[Opening Information supplied section]
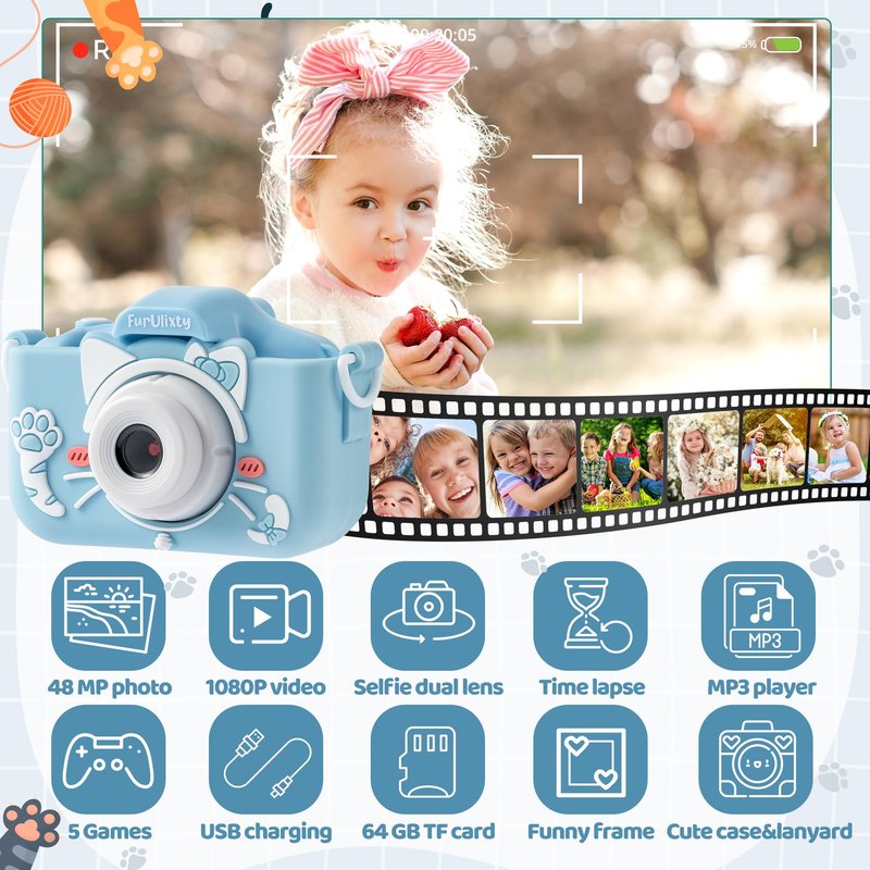 FurUlixty Upgraded Kids Camera Toys - Kids Digital Camera with Soft Silicone Cover, 1080P HD Selfie Video Camera for Boy Girl Toddler, with 64G SD Card, 3Hrs of Ultra-Long Battery Life (Azure Cat)
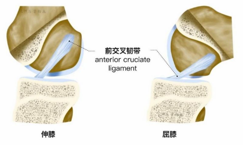 交叉韌帶 (Anterior cruciate ligament, ACL )起自脛骨髁間隆起的前方,斜向后外上方,止于股骨外側髁的內側面上部的一條韌帶。伸膝時最緊張,防止脛骨前移和膝過伸。當屈膝 30°~ 40°時,前交叉韌帶的張力最小。
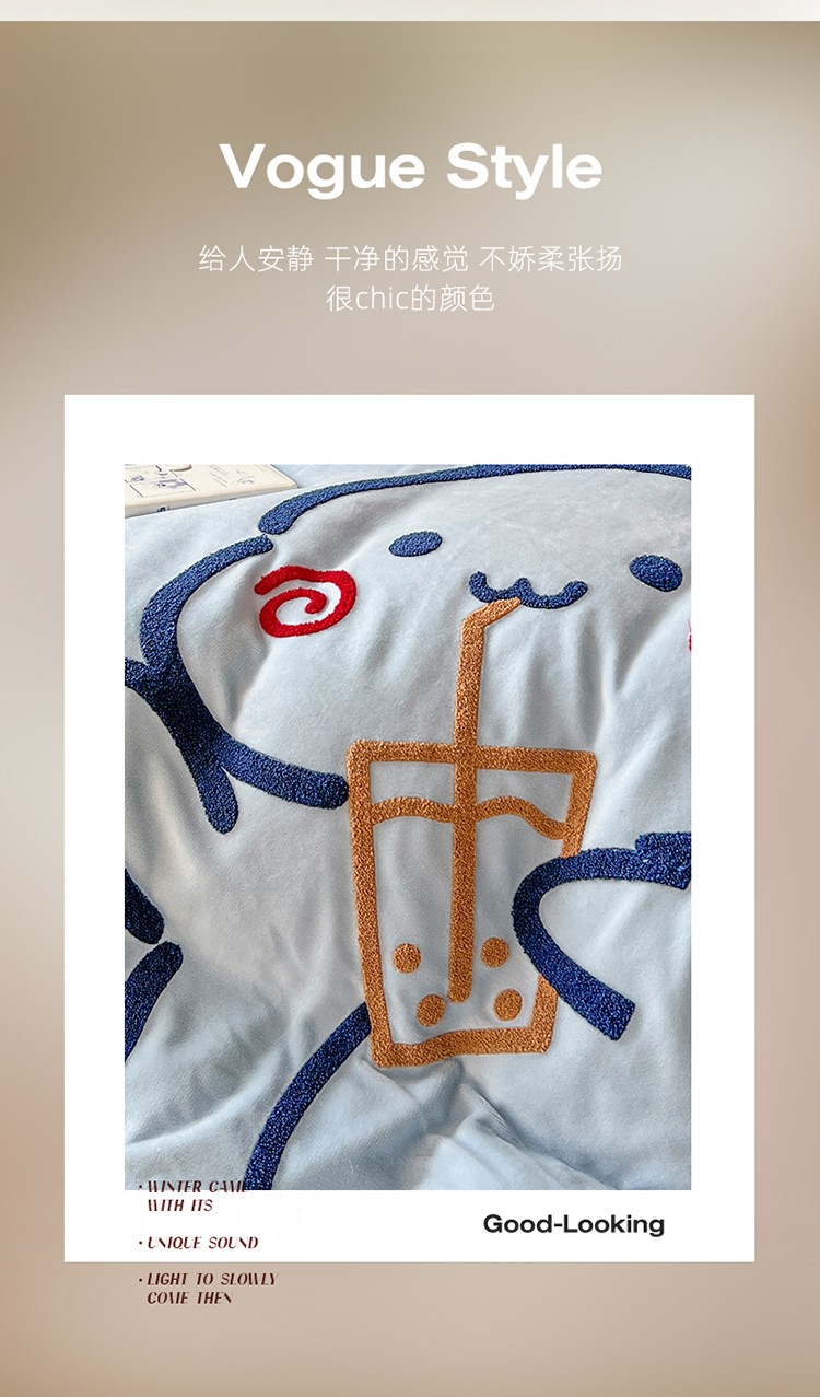 商品名称:芯贝儿 新款加厚保暖雕花牛奶绒毛巾绣花宝宝法莱绒四件套 恐龙宝贝-天蓝
[Closing Information supplied section]
** Prompt **
Please copy the data above exactly; the pictures do not belong in the copy.

** Written response **
 FurUlixty Upgraded Kids Camera Toys - Kids Digital Camera with Soft Silicone Cover, 1080P HD Selfie Video Camera for Boy Girl Toddler, with 64G SD Card, 3Hrs of Ultra-Long Battery Life (Azure Cat)
 交叉韌帶 (Anterior cruciate ligament, ACL )起自脛骨髁間隆起的前方,斜向后外上方,止于股骨外側髁的內側面上部的一條韌帶。伸膝時最緊張,防止脛骨前移和膝過伸。當屈膝 30°~ 40°時,前交叉韌帶的張力最小。
 商品名称:芯贝儿 新款加厚保暖雕花牛奶绒毛巾绣花宝宝法莱绒四件套 恐龙宝贝-天蓝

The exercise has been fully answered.